I AM going to Iowa with Jay in just four days.  I am leaving our kids here at home with wonderful grandparents who will take tremendous care of them while we are gone.  I have been reading my Bible most days (which is a bit new for me in the last few years), I have been reading a wonderful little book called Jesus Calling, with short daily devotionals and have been very encouraged by that, and I have prayed a lot.  After being reminded that God does not give us the spirit of fear, another friend who told me the same thing also reminded me that these feelings of fear are from Satan!  I let Satan take a hold of my heart for a few weeks and he was winning.  And he loved it.  He knew that all he had to do was remind me of airplanes and I turned into an untrusting, anxiety ridden, emotional mess who was one step further away from my heavenly Father.  I wonder today, right now in this moment, if this trip to Iowa has such a bigger and more profound purpose in my life.  This trip to Iowa holds its own amount of fear for me in that we are going there to deal with some sad and hurtful things going on with family that we love dearly and yet I was also dealing with fear of just getting there.  I think God is using this trip to bring me back to Him to the point of needing to cling to Him in order to survive and function each day.  That is why I want this in writing.  Because one day (after I have made it home safely from Iowa) I want to look back at this and praise God for his unfailing love and his mercy on me, a selfish, stubborn, and untrusting sinner. 


I do not want to live in fear.  I only want to fear my Heavenly Father, I want to be in AWE of his goodness and his holiness.  I know without a shadow of a doubt that God loves me and God loves my sweet Carter and Madelynn.  He is good.  He wants what is best for me.  Even when I completely forget to trust Him, He still wants me to be happy and blessed.  He wants to bless me.  He is leading me down a beautiful path, with bumps along the way, but a path that will only draw me closer to Him. 

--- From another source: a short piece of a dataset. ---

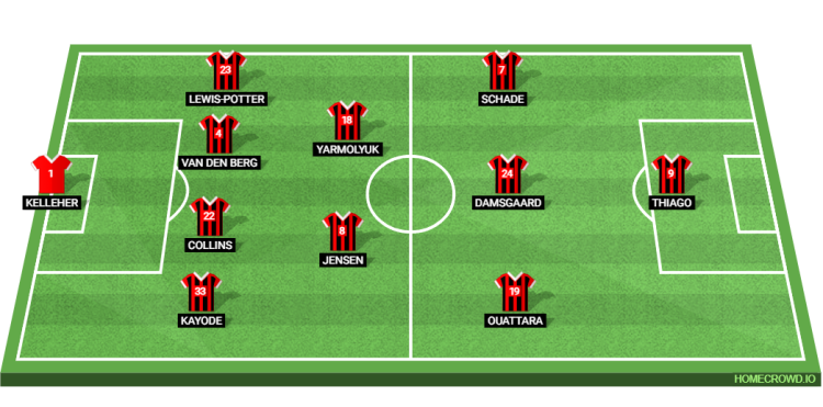 Probable Lineup (4-2-3-1): Kelleher; Kayode, Van den Berg, Collins, Lewis-Potter; Jensen, Yarmolyuk; Ouattara, Damsgaard, Schade; Thiago

I still let fear get to me from time to time.  I have felt it a little today.  However, that fear is from the devil.  And I refuse to give into it.  Every time I have these feelings I need to open up God's word and draw closer to Him.  I am getting on that airplane in a week trusting that I will land back in Oregon five days later to come home to my beautiful little blessings and be closer to my God than I ever have been before.